Thankfully, there is less of a focus on these intense special moves. Previous games in the series had built such a bustling repertoire of finishers that keeping track of them required a checklist. Now, though, the game gives you a trade-off of exacting these finishers or increasing your durability and speed in combat. While I love kicking a dude across the face and watching him get airborne, in tougher battles, I need all the speed I can get.

You also no longer acquire experience points from combat. Instead of grinding out battles to cheap out the AI, you have to build your funds to “invest” in yourself and learn new abilities. Maxing out any one particular fight style requires about 15 billion yen, which is definitely a ton of scratch. This shift helps toughen the main storyline while still giving you an option to lessen the difficulty, should you feel the need.

It doesn’t totally overhaul the combat in the game, since you can still pick one style and never change for every encounter, but it does give you different options to screw around with. The game also does provide some opportunities where particular styles are a better fit, which makes it rely more on skill than just leveling up. Even with all these changes, Yakuza still feels like the modern equivalent of Streets of Rage, which should please old-school fans.

Coupled with the well written story, Yakuza 0 is easily a complete game before you even get into all of the finer details. There is so much extra stuff to do that one could basically rip out the main portion and sell it as a separate experience. Heck, upon completing the story, you get to do just that, eschewing all of the crime drama for the simple joys of hitting the local arcade or fishing in the river in Premium Adventure Mode.

Yakuza 0 review

This is where the real beauty of the series comes out. The setting is more of a character than the actual people. Sega has rendered Japan with so much life and detail that you can’t help but get sucked into your surroundings. Street vendors selling food, garbage piling up outside of restaurants, thugs harassing folks in dark alleys; both Tokyo and Osaka feel like living, breathing entities.

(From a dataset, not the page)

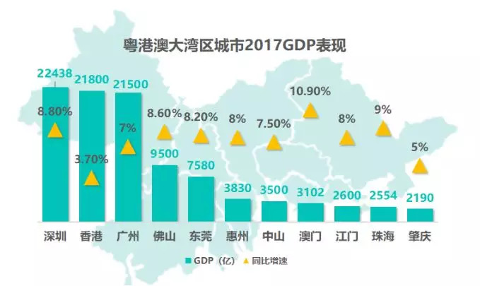 2017年,粤港澳大湾区“9+2”城继续朝着世界级大湾区阔步前进。其中,“广深港”三地GDP均突破2万亿元,在“广深港”三足鼎立的情况下,粤港澳大湾区经济呈现多极化趋势,出现多核区域龙头。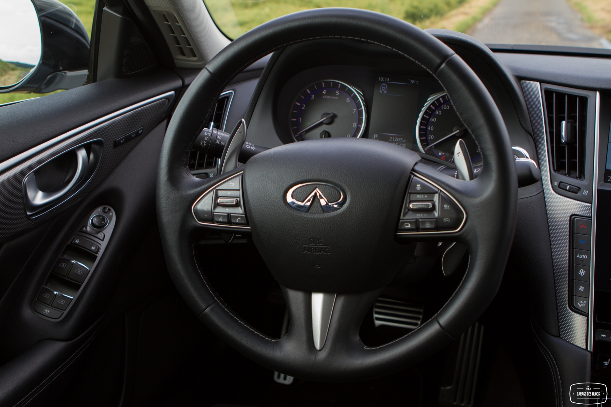 Si je devais résumer cette direction, au delà de la première technologique (destinée à se répandre comme la poudre chez les autres constructeurs) qu’elle représente, je dirais volontiers que c’est une bonne surprise. Je m’attendais à ne plus rien ressentir, à ne pas du tout me sentir en confiance avec la voiture voire même à faire des erreurs et il n’en a rien été. Il manque encore un peu de paramétrage soft pour la rendre plus complète et homogène en terme de performance entre les différents modes mais il paraît justement que cela devrait arriver bientôt chez le constructeur. Vraiment, si je ne suis pas du tout convaincu de l’utilisation de ce type de directions (à l’heure actuelle) sur des véhicules véritablement sportifs, Infiniti montre avec ce véhicule que son application est tout à fait convaincante sur une berline dynamique.

That may be due to Kaumrocho being based off of the real version of Tokyo’s red light district, Kabukicho, but the licensing of real-life brands and the attention to detail with street placement and NPC chatter is so astute that I really want to book a flight and head overseas. Everything is rendered so well that you wish the invisible walls blocking you from exploring certain areas would take a hike, because the desire for exploration is high.

While not every area of previous games is present (since this takes place 17 years before the first game), there are differences in geography that will be welcome changes to returning fans. Seeing how the city you’ve grown with over the years was a different beast before is really a sight to behold, especially with all of the neon colors and added fidelity of the PS4.

Yakuza 0 review

The 1080p presentation really shines for Yakuza 0. There are some framerate issues while exploring the city (and some ugly screen tearing while moving the camera), but the game remains smooth and crisp whenever you’re in the thick of action. I do wish Sega could have put a little bit more polish on this late international port, but none of that ugliness ever crops up during actual gameplay.

Heck, I haven’t even mentioned the extra game modes related to Kiryu and Majima’s main storylines. You’re put in control of a real-estate firm for Kiryu and have to manage some cabaret clubs with Majima. Both feature radically different takes on similar ideas (capturing neighborhoods) and could double as strategy games in their own right.

You get to build up your staff (hostesses for Majima and advisors/security for Kiryu), buy plots of land and invest time/money into seeing them grow to conquer the city you’re in. While they are a bit awkwardly placed in the main narrative, they aren’t necessary by any means. They feel like fully realized ideas, but you can happily ignore them and still get the full experience. The crazy music for customizing hostesses in Majima’s game is too much to pass up, though.

Yakuza 0 review

I could probably keep going for hours and hours about the joys I’ve had with Yakuza 0. As of the time of writing, I still haven’t managed to finish all of the substories present. There is also a slot car racing component, an underground coliseum and red-light distractions for those so inclined. Even if all of these modes sucked, Yakuza 0 would be a tremendous game, but basically every component is of high quality. This is because the series was 10 years old when Sega developed the game. They took all of the experience they had gained over the years and provided the definitive version of their Japanese simulator. They also used this chance to flesh out the leading man and fan favorite character to give followers something they hadn’t ever seen.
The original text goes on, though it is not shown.